Счастливые друзья крепко обнялись, и Рахматулло спросил, стараясь, чтобы его голос звучал обыденно и буднично:
–Ты явился ко мне с вестями из Благородной Бухары, о, мой преданный друг Юнус? Ну как там Мамед, не запустил ли он нашу торговлю шёлком?
– Мамед шлёт тебе салам, – ответил Юнус. – И шейх Гиясаддин, наставник нищих братьев Бахауддина Накшбанда, шлёт тебе салам, – многозначительно добавил он. – Думаю, Рахмат, стоит нам уйти отсюда и переселиться под крышу жилища одного из братьев. Он, правда, не нищий, а вполне себе преуспевающий ювелир, но, так даже, лучше. Там мы с тобой спокойно и поговорим, у меня немало новостей для тебя…
– А стражники? – изумился Рахматулло.
– А что, стражники? – усмехнулся Юнус. – Подкупили. Пойдём же, Рахмат! Ибо они согласились ждать только час, а после забьют тревогу…
– Понимаешь, я видел её, – признался купец, и слёзы полились из его глаз.

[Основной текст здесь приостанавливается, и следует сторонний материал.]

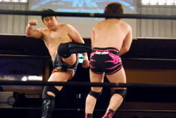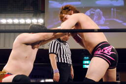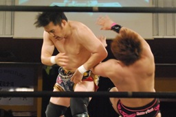佐藤切り返してヘッドロック、石井ロープに振る、佐藤ショルダーブロック(右写真)。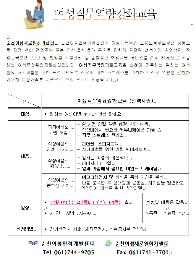 [순천여성인력개발센터]직장여성의 여성직무역량강화교육(무료) 접수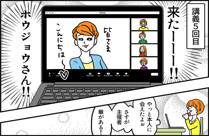講義の5回目にして、ホウジョウさんがようやく登場しました。圧倒的な話術に引き込まれたものの、身になる実践的な内容はまったくありませんでした。受講生たちをさまざまな角度から「頑張りましょう!」と励ましていただけだったのです。

– Кого её? – не понял его друг.
– Хиндустанскую многорукую дьяволицу, ту, во имя, которой изуверы душат людей, – пояснил Рахматулло. – Она говорила мне, что все мои труды напрасны, что я ничего не добился, что мне лучше вкусить забвения и умереть…
– Ты знаешь, Рахмат, если бы я хотя бы день просидел в этом мрачном зиндане, она бы мне тоже привидилась, а ещё старуха Халифа из нашей махалли, помнишь её? – озорно спросил Юнус. – А то, что эта хиндустанская многорукая потаскуха, будто бы говорила тебе…можешь считать, что это был голос твоего сомнения. Ну же, Рахмат, пойдём, нас ждут…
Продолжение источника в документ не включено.